Arbeitnehmer droht mit Selbstmord – fristlose Kündigung des Arbeitgebers

Wenn der Arbeitnehmer mit Selbstmord droht, kommt für Arbeitgeber eine fristlose Kündigung in Betracht

Ein Beitrag von Alexander Bredereck, Fachanwalt für Arbeitsrecht Berlin und Essen, zum Urteil Bundesarbeitsgerichts vom 29.6.2017 – 2 AZR 47/16.

Meinungsverschiedenheiten zwischen Arbeitnehmer und Arbeitgeber kommen im Rahmen des Arbeitsverhältnisses als Dauerschuldverhältnis regelmäßig vor. Das ist so lange unproblematisch, wie sich die Parteien nicht zu massiv unter Druck setzen und etwa zu Drohungen greifen. Kommt es dagegen zu solchen Drohungen durch den Arbeitnehmer, kommt für den Arbeitgeber in aller Regel eine Kündigung in Betracht. Das kann nach einem aktuellen Urteil des Bundesarbeitsgerichts auch dann gelten, wenn der Arbeitnehmer mit Selbstmord droht.

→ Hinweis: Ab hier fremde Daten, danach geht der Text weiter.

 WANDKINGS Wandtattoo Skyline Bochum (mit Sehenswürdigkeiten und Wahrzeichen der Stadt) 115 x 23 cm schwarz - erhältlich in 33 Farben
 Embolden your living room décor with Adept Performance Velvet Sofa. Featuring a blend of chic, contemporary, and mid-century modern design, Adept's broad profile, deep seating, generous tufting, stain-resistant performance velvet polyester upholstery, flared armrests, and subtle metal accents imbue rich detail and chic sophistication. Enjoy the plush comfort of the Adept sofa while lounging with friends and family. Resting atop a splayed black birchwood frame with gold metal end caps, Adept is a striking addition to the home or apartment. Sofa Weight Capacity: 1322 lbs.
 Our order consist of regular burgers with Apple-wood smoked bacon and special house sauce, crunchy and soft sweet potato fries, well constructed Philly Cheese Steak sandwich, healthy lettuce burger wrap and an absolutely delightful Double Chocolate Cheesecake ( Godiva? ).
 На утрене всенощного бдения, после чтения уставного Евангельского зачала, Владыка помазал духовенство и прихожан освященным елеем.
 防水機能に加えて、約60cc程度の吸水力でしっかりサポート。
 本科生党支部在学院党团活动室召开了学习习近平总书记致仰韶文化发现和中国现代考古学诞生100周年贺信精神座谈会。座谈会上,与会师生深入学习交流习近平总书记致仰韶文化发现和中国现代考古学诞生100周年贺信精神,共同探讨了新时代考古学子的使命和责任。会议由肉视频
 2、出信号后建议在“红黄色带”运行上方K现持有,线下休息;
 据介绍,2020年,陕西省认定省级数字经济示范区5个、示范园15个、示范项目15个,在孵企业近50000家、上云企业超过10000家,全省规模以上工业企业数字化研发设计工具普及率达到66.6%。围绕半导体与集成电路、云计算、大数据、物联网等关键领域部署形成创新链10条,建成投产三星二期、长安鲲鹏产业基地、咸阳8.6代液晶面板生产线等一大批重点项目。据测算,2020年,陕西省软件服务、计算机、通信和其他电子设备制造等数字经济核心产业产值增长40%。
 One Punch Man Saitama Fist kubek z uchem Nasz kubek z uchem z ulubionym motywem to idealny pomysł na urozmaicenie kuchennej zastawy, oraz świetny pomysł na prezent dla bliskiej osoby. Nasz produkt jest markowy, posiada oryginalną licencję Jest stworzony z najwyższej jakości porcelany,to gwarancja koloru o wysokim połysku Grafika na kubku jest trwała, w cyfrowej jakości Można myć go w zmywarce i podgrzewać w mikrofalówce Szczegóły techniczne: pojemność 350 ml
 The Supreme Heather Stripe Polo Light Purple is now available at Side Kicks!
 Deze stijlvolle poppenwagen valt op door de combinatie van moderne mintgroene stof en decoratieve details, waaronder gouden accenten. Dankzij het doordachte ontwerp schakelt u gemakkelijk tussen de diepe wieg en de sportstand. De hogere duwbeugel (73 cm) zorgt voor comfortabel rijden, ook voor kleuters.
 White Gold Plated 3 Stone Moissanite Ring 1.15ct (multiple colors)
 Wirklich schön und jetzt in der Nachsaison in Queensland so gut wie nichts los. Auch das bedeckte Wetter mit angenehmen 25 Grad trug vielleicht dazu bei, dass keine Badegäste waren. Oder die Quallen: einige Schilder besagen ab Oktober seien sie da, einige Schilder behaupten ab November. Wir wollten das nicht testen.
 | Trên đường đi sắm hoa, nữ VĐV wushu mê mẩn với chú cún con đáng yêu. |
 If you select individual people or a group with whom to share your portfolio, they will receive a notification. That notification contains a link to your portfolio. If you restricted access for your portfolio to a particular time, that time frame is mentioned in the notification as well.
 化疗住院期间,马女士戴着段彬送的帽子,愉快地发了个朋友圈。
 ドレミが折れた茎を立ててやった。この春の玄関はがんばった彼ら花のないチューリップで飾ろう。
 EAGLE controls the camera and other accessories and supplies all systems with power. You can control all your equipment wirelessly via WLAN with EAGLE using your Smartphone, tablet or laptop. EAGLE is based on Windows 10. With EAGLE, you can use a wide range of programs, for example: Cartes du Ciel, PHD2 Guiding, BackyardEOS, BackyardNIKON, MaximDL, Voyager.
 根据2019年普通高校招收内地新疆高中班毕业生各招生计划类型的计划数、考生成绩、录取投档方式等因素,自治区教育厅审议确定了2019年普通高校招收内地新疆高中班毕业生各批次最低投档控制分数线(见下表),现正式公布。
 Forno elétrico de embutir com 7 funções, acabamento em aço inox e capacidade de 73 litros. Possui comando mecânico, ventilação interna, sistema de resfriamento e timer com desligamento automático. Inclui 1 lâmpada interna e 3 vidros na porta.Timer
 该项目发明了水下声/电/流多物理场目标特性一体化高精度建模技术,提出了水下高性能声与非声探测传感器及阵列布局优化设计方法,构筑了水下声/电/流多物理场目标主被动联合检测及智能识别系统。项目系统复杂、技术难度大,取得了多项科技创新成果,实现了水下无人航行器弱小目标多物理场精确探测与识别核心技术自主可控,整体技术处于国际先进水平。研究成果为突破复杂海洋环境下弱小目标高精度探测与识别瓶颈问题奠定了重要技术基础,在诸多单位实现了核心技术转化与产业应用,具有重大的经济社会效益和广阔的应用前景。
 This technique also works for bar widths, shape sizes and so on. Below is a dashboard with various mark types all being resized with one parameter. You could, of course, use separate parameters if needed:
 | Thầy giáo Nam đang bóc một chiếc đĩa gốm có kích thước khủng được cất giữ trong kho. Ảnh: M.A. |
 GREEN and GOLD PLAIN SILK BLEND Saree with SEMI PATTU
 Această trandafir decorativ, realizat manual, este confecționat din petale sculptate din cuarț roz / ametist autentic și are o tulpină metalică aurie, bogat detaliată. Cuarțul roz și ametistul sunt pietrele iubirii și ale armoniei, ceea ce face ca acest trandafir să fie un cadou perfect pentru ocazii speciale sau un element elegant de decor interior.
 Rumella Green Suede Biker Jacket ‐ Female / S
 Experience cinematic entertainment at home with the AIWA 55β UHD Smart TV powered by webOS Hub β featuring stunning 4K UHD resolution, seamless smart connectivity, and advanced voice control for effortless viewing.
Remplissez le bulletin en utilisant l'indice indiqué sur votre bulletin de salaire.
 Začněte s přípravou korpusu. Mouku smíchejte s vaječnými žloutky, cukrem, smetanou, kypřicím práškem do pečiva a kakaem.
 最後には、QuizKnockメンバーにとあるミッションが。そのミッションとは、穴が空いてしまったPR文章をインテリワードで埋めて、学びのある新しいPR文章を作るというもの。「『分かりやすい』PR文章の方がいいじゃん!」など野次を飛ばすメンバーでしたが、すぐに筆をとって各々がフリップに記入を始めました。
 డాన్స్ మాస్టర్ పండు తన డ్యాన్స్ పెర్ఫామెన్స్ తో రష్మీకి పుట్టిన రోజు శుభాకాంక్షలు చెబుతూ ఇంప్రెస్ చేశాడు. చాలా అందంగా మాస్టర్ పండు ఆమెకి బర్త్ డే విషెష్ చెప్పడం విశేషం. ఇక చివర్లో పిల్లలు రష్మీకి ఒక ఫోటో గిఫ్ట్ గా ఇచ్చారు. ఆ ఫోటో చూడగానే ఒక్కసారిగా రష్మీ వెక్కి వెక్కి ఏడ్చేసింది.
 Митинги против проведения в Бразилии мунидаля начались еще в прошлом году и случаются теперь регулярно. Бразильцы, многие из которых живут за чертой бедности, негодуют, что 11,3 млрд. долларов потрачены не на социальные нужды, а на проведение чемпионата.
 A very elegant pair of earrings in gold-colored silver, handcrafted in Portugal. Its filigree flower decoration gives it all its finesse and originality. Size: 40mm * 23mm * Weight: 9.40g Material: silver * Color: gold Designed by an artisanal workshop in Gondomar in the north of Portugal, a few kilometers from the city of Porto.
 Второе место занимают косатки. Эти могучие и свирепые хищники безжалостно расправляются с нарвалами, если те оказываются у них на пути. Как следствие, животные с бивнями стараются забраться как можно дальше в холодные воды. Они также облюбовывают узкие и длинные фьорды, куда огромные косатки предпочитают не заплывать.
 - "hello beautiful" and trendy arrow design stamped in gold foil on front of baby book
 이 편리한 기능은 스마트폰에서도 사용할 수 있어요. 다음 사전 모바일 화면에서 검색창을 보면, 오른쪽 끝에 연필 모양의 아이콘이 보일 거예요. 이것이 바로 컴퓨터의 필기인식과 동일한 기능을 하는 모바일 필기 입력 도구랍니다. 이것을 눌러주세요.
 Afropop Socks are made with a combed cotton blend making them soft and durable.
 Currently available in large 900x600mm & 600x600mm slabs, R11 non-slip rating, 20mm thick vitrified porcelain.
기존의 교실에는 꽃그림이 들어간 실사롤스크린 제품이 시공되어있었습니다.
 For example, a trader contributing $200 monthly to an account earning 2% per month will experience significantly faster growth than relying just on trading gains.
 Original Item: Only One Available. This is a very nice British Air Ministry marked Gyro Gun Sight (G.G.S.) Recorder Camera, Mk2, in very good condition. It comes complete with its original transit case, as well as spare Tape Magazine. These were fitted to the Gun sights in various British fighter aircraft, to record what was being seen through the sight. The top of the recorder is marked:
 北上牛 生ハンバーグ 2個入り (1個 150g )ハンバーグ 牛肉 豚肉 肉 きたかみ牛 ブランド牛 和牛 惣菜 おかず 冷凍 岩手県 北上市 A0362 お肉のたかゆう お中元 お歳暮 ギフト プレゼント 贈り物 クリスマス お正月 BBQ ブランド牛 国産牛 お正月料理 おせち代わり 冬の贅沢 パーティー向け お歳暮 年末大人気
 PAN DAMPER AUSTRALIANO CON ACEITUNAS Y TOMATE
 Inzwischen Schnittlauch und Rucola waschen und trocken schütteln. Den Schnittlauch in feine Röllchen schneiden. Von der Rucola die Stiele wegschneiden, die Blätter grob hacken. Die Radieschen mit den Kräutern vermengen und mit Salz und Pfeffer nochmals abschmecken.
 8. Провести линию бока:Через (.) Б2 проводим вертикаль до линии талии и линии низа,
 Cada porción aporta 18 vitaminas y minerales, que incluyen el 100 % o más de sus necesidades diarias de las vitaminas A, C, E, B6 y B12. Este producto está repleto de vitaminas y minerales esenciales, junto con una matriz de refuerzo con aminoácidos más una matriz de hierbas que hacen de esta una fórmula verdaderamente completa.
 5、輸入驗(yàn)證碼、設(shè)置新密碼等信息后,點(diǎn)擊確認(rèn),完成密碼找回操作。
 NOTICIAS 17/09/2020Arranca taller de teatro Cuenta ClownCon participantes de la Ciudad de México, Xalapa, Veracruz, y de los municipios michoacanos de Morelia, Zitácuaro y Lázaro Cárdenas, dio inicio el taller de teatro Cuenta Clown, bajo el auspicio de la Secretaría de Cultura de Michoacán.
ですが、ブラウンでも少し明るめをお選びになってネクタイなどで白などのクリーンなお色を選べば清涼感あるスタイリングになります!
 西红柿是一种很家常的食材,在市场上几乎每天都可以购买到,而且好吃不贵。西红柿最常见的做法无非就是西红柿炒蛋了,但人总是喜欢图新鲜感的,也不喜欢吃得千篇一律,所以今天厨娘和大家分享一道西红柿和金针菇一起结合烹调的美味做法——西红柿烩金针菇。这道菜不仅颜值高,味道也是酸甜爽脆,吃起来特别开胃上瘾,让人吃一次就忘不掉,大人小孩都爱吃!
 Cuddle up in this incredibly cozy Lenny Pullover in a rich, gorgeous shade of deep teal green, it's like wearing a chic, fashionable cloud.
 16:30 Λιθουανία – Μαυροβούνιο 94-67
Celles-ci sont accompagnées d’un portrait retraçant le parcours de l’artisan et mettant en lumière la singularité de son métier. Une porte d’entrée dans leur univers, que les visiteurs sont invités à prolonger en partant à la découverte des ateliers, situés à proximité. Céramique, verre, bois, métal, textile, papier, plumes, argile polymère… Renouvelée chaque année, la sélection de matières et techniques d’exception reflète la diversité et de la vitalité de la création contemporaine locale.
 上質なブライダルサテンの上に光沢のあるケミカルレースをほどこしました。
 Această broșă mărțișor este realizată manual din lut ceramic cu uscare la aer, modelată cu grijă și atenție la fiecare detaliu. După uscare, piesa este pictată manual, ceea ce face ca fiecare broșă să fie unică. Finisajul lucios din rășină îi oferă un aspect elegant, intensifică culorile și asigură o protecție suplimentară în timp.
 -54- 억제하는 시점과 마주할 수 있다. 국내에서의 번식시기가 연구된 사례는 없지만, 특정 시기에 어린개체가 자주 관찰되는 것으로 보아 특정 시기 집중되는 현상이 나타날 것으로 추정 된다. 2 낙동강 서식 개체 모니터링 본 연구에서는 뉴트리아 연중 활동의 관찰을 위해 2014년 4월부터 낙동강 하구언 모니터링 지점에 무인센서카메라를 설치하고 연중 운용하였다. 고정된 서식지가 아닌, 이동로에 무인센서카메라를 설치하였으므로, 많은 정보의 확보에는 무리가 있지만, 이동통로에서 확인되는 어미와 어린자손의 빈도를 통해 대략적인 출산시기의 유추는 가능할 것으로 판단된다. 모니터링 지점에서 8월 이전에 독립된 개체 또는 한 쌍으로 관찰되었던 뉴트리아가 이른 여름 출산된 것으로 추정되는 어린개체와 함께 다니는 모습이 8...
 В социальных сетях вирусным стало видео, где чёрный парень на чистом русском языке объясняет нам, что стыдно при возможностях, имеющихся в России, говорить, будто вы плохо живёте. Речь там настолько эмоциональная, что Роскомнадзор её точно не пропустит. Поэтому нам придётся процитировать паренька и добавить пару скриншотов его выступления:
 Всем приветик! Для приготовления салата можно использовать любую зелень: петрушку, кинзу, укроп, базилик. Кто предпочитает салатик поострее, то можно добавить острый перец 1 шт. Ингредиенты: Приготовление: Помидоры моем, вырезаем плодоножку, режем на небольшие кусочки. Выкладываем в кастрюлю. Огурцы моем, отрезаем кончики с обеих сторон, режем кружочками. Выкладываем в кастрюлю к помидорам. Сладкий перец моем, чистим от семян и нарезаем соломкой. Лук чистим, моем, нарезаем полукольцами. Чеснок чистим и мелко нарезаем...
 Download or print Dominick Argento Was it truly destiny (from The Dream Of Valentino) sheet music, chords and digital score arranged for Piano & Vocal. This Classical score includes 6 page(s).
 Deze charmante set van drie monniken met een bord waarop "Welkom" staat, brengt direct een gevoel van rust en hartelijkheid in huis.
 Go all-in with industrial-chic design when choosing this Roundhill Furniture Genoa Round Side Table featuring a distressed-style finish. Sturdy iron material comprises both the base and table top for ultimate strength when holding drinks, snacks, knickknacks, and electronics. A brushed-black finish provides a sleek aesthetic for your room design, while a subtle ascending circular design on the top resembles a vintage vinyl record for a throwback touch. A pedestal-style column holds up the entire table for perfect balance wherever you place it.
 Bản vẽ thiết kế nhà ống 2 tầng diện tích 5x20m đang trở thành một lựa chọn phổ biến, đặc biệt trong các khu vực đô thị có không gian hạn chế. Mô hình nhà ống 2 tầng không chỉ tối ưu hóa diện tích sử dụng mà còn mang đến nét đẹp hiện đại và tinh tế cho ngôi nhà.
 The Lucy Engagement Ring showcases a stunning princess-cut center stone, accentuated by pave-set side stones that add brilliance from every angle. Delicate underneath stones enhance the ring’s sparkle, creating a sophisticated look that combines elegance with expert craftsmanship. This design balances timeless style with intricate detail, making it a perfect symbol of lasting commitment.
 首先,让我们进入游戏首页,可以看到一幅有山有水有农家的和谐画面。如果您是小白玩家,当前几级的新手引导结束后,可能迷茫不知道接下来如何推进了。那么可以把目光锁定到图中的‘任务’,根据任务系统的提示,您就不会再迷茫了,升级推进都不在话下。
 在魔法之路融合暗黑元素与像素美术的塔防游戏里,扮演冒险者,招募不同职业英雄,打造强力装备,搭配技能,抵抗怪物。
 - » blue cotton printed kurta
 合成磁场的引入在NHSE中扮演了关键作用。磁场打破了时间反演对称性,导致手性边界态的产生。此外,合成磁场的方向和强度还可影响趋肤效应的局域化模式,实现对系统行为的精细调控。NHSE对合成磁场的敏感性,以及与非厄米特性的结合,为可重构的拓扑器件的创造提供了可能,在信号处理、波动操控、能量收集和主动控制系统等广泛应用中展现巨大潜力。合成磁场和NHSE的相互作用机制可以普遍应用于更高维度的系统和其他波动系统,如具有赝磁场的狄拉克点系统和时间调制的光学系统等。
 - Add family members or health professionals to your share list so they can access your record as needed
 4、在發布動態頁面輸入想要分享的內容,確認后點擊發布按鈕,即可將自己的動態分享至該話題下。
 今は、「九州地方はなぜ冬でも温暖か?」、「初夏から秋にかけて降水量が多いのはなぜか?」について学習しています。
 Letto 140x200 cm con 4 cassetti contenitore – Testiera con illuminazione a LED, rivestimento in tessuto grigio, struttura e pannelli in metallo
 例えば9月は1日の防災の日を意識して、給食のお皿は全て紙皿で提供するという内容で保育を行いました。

Der Fall: In dem zu entscheidenden Fall ging es um einen Straßenwärter, der bei einer Hessischen Landesbehörde beschäftigt war. Als Folge längerer Phasen der Arbeitsunfähigkeit und einer stationär psychosomatischen Behandlung wurde schließlich ein betriebliches Eingliederungsmanagement (BEM) durchgeführt. In einem entsprechenden Gespräch ließ der Arbeitnehmer Äußerungen verlauten, die von den anderen Teilnehmern als Drohung mit Selbstmord und “Amok” verstanden wurden. In Folge dessen kündigte das Land das Arbeitsverhältnis fristlos.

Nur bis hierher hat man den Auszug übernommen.